- REQUIRED WORK: The following data has a line with "La Secretaría de" and a line with "Over the next". Write out exactly those lines and all the lines between them.

- INFORMATION PROVIDED:
+ + + + + + +

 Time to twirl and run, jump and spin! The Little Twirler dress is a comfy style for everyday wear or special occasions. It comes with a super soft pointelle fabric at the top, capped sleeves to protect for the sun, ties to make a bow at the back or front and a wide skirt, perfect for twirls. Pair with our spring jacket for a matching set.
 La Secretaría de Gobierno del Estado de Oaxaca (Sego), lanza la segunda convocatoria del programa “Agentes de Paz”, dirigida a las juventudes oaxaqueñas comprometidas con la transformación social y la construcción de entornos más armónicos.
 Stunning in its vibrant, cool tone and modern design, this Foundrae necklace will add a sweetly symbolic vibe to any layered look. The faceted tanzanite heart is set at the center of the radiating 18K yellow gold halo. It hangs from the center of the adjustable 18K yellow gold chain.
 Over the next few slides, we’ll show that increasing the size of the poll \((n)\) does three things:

+ + + + + + +

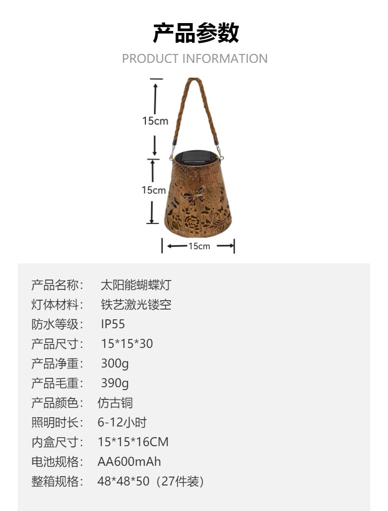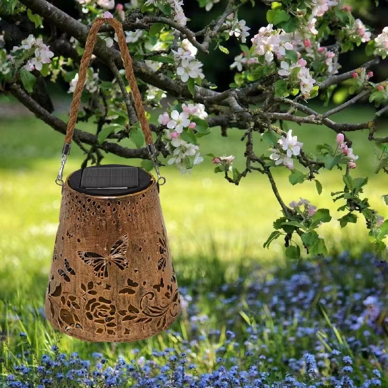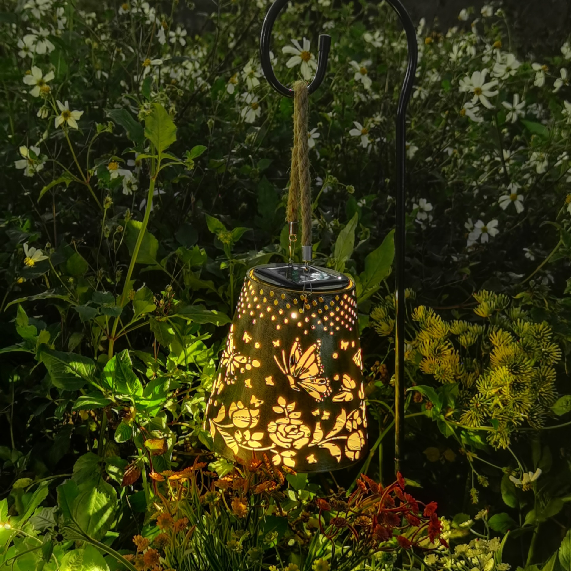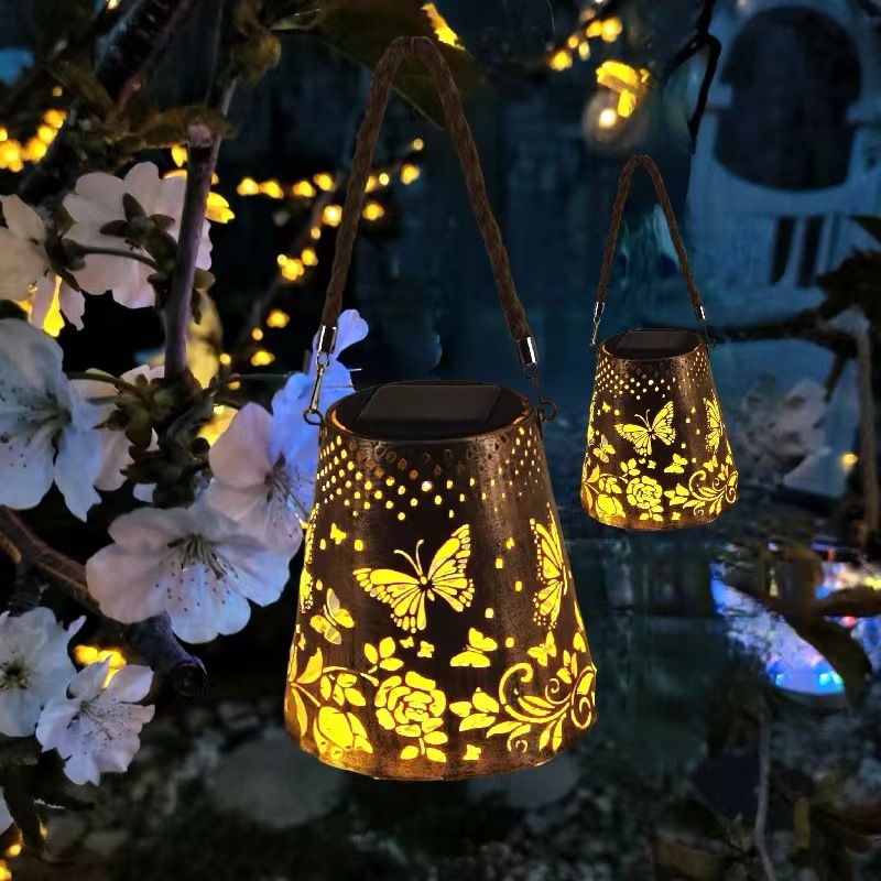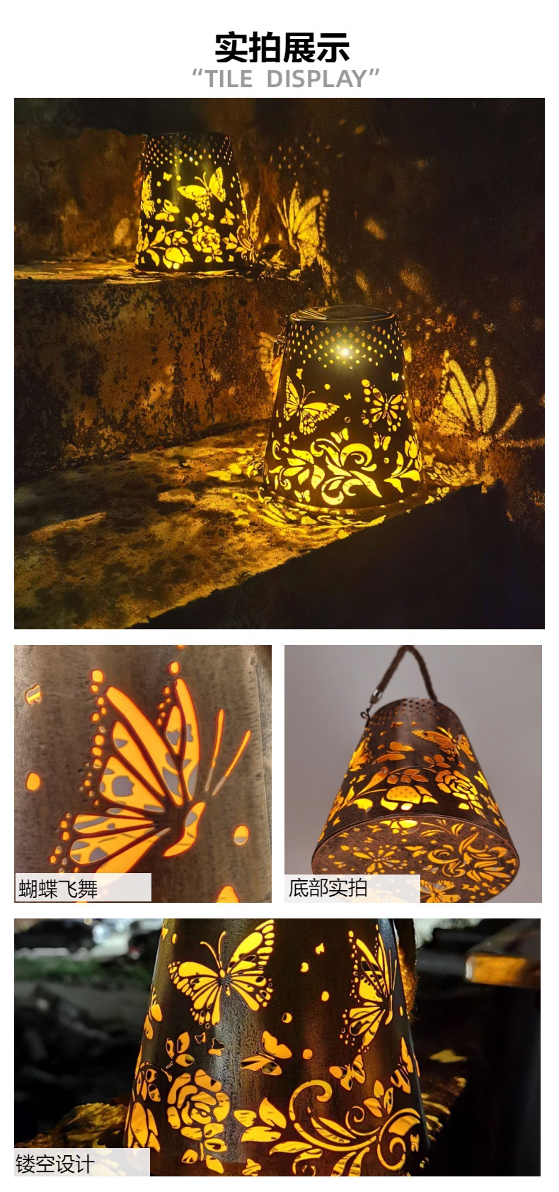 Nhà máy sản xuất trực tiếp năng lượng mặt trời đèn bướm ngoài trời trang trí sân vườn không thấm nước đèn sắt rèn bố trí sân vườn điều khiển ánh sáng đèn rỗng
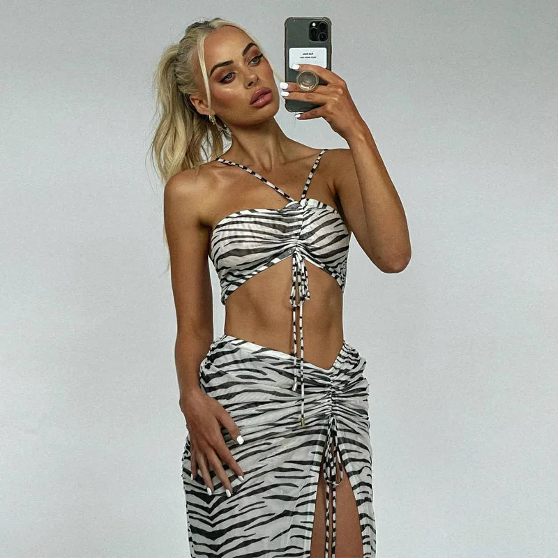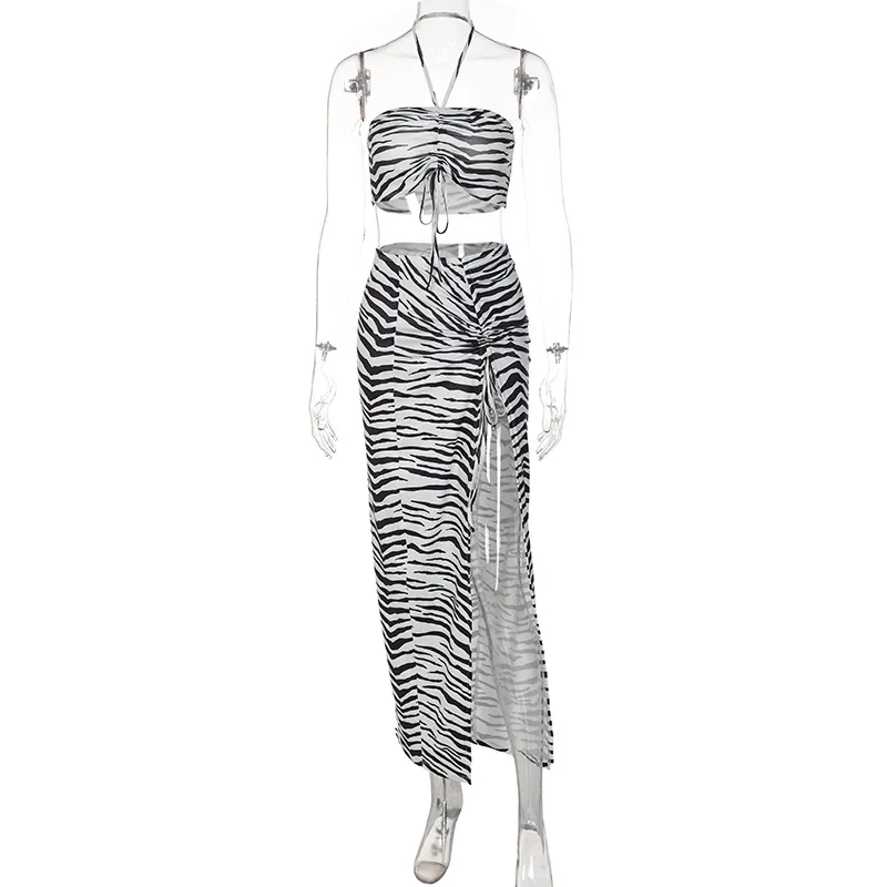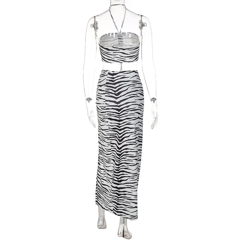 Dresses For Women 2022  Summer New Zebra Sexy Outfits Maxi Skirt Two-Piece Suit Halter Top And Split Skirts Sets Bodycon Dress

+ + + + + + +

- EXERCISE RESPONSE:
 La Secretaría de Gobierno del Estado de Oaxaca (Sego), lanza la segunda convocatoria del programa “Agentes de Paz”, dirigida a las juventudes oaxaqueñas comprometidas con la transformación social y la construcción de entornos más armónicos.
 Stunning in its vibrant, cool tone and modern design, this Foundrae necklace will add a sweetly symbolic vibe to any layered look. The faceted tanzanite heart is set at the center of the radiating 18K yellow gold halo. It hangs from the center of the adjustable 18K yellow gold chain.
 Over the next few slides, we’ll show that increasing the size of the poll \((n)\) does three things:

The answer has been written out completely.